BOTTOM LINE: The Portfolio is higher into the final hour on gains in my Medical longs, Technology longs, Financial longs, Biotech longs and Retail longs. I have not traded today, thus leaving the Portfolio 100% net long. The tone of the market is very positive as the advance/decline line is substantially higher, every sector is rising and volume is slightly below average.
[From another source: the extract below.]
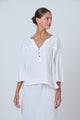 This pintuck blouse transcends everyday wear with its thoughtful design philosophy. Delicate pleating and a structured button front establish refined elegance, while cropped balloon sleeves and a shirred neckline introduce contemporary femininity. Constructed from 100% crinkle cotton, the fabric's inherent texture creates a semi-sheer, lightweight quality that drapes with natural grace. The relaxed silhouette moves fluidly with you, offering understated sophistication across seasons. A piece that balances bohemian sensibility with polished restraint—equally at home layered casually or styled as a standalone statement.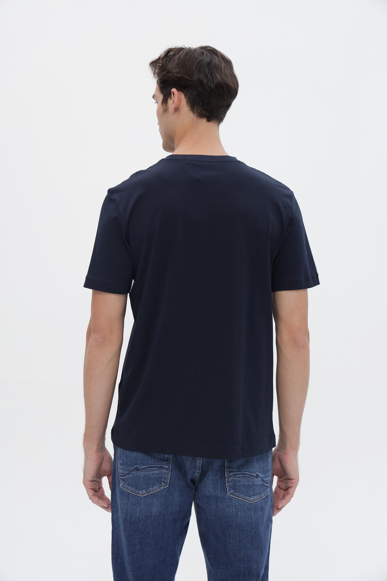 - Дизайн: Классический крой с коротким рукавом и круглым вырезом горловины. Темно-синий цвет легко сочетается с различными элементами одежды.

Investor anxiety is very high. Today’s overall market action is bullish. The VIX is falling -1.03% and is high at 23.18. The ISE Sentiment Index is about average at 146.0 and the total put/call is slightly above average at .86. Finally, the NYSE Arms has been running below average most of the day, hitting .31 at its intraday trough, and is currently .67. The Euro Financial Sector Credit Default Swap Index is falling -.81% to 68.14 basis points. This index is down from its record March 10th high of 208.75. The North American Investment Grade Credit Default Swap Index is falling -1.82% to 96.32 basis points. This index is also well below its Dec. 5th record high of 285.99. The TED spread is unch. at 22 basis points. The TED spread is now down 442 basis points since its all-time high of 463 basis points on October 10th. The 2-year swap spread is falling -8.71% to 30.0 basis points. The Libor-OIS spread is unch. at 13 basis points. The 10-year TIPS spread, a good gauge of inflation expectations, is unch. at 2.16%, which is down -49 basis points since July 7th. The 3-month T-Bill is yielding .05%, which is unch. today. Small-cap and cyclical shares are outperforming today. Education, Commodity, Airline, Construction, Semi, HMO and REIT stocks are especially strong, rising 2%+. The bears are trying mightily to prevent an S&P 500 close above technical resistance at 1,100. However, I expect it to close above this level, which should lead to further buying later this week. Nikkei futures indicate an +90 open in Japan and DAX futures indicate a -19 open in Germany tomorrow. I expect US stocks to trade mixed-to-higher into the close from current levels on short-covering, earnings optimism, less economic fear, technical buying and falling long-term rates.

Today's Headlines

Bloomberg:

- The U.S. economic recovery will be stronger than most forecasters anticipate, with job growth coming back faster, said Joseph LaVorgna, chief U.S. economist at Deutsche Bank Securities Inc. LaVorgna, in an interview today with Bloomberg Radio in New York, predicted the economy will expand at an average 4 percent pace next year, compared with about 2.6 percent forecast by economists surveyed by Bloomberg this month. The jobless rate will fall from October’s 26-year-high of 10.2 percent, he said. “Any time the economy is growing at least 3 percent for two quarters in a row, you always get job growth,” he said.

- Senate Majority Leader Harry Reid will unveil legislation to overhaul the U.S. health-care system as early as this week. The floor debate that follows is likely to divide his Democratic Party. Reid wants to include a government-run insurance program that would let states opt out, which may cost him Senate votes. His version probably won’t require employers to cover workers and will be funded through a tax on high-end insurance plans, which would put him at odds with House Democrats. Reid needs 60 votes to pass the legislation, and he risks losing Senator Joseph Lieberman, a Connecticut independent who caucuses with the Democrats and opposes the government insurance plan. He also hasn’t won over the two Republicans most likely to back the bill, Maine Senators Olympia Snowe and Susan Collins. “He’s going to have to walk a tightrope in order to end up with a package that can get him 60 votes,” said former Senator John Breaux, a Democrat who now heads a lobbying firm that represents the Pharmaceutical Research and Manufacturers of America, the drug industry’s Washington trade group.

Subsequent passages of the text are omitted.